# BRUTE 29" 10 hp Tecumseh motor



## thewrist

Hi, I am new to the forum, I am looking at a used BRUTE 29" 10 horse power Tecumseh motor snow blower. I don't know how old it is. It is selling for $500.00. It is red with black trim, on the motor it is model HMSK100 and specs no: 159243T. Does anybody know how old it is and if it is hard to get parts for it. Is it a good buy. It looks in good shape.


----------



## 43128

God no that's a terrible buy, way overpriced


----------



## Rob711

Maybe that's a good price cause he's in Alaska. If only we had a way to see where he was from..hmmmmm


----------



## Rob711

Or he can go to harbor freight, might be princess auto, or Eskimo trader. All these choices are contingent on the posters local


----------



## Normex

thewrist said:


> Hi, I am new to the forum, I am looking at a used BRUTE 29" 10 horse power Tecumseh motor snow blower. I don't know how old it is. It is selling for $500.00. It is red with black trim, on the motor it is model HMSK100 and specs no: 159243T. Does anybody know how old it is and if it is hard to get parts for it. Is it a good buy. It looks in good shape.


 Like mentioned it sounds way over priced but it's all up to you!
and :white^_^arial^_^0^_


----------



## Kiss4aFrog

Welcome to the forum wrist :white^_^arial^_^0^_

I'm not up on prices in your area but that sure seems to be a lot of money for not that much of a machine.
Around here (the forum) we tend not to think of the lower priced models as being a good purchase. Machines like MTD, Brute, Troybilt, Craftsman all get the job done and they'll work they just aren't the same quality as the Honda, Toro, Ariens machines that "we" tend to lean to.

If it's in good shape it's a 29" with good power it's just not on what most of us think of as a quality machine. Should still get the job done for your with proper care.

If you can do the maintenance on it and are willing to tackle most of the repairs it will get the job done but I'm thinking you can get better for that amount of money.

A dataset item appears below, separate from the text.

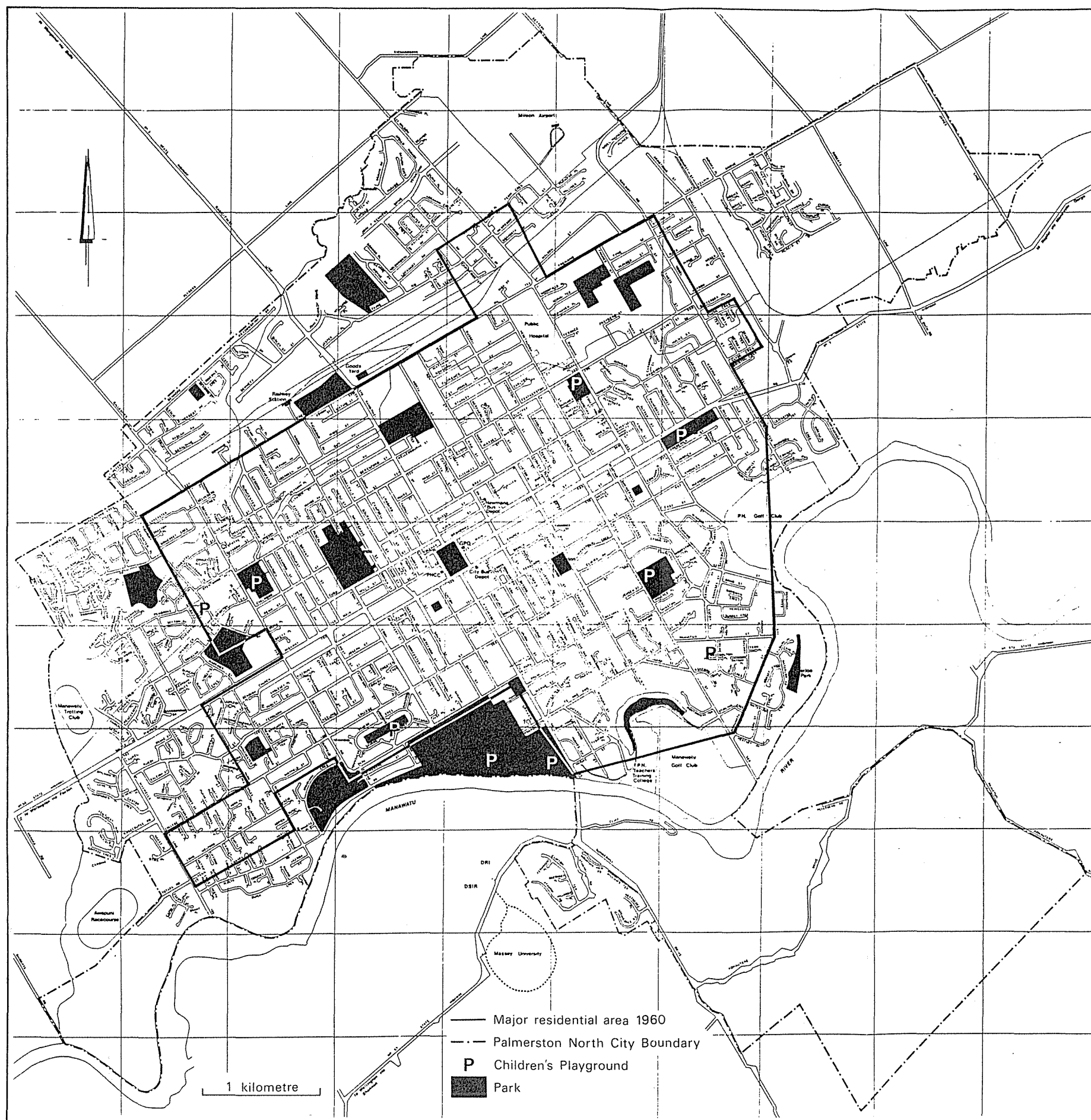
Fig. 2-2 Playground and Park Locations - 1960, Palmerston North

The more remote you are the less true that above statement becomes as I used to work for a transportation maintenance company that had a location so far north everything had to be flown in. I still cringe at what the end cost was for a spark plug or oil filter by the time "freight" was figured in to get it there.


----------



## thewrist

*Brute 29" 10 hp Tecumseh motor*

Well that is why I went on the forum. Thanks. Forget that one. I was trying to save money and buy used. Probably go with a new 27" Ariens with I think 10 hp or Husqvarna 27" it has a 291cc engine or the 30" for $100 dollars more with a 291cc motor. I would buy from a dealer not a box store. Which do you think or any other ideas.


----------



## thewrist

Oops the Ariens is a 28" with 309cc motor.


----------



## Normex

thewrist said:


> Oops the Ariens is a 28" with 309cc motor.

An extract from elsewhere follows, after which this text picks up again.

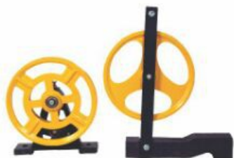
OSG Set (Single Groove)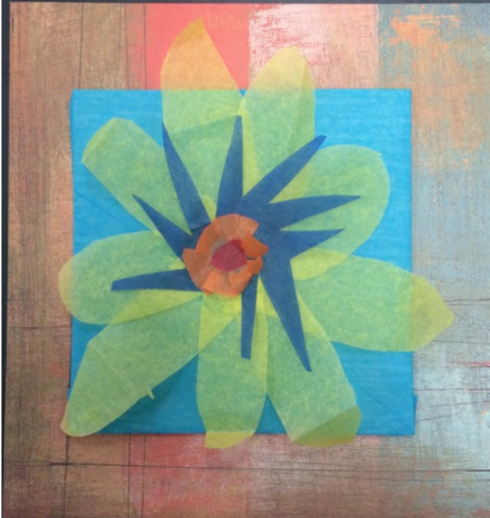
Chandler Unified School District Art Masterpiece

Ariens is one thousand fold better and Good Luck


----------



## thewrist

When looking at reviews a lot of the Ariens bought from Home Depot were not lasting but a few months then having problems. Are the ones you get from a dealer a different quality?


----------



## Normex

thewrist said:


> When looking at reviews a lot of the Ariens bought from Home Depot were not lasting but a few months then having problems. Are the ones you get from a dealer a different quality?


 At the dealer you may get a higher quality at least with the set up and assembly as HD are assembled by low paid employees but hey everyone has to make a living.


----------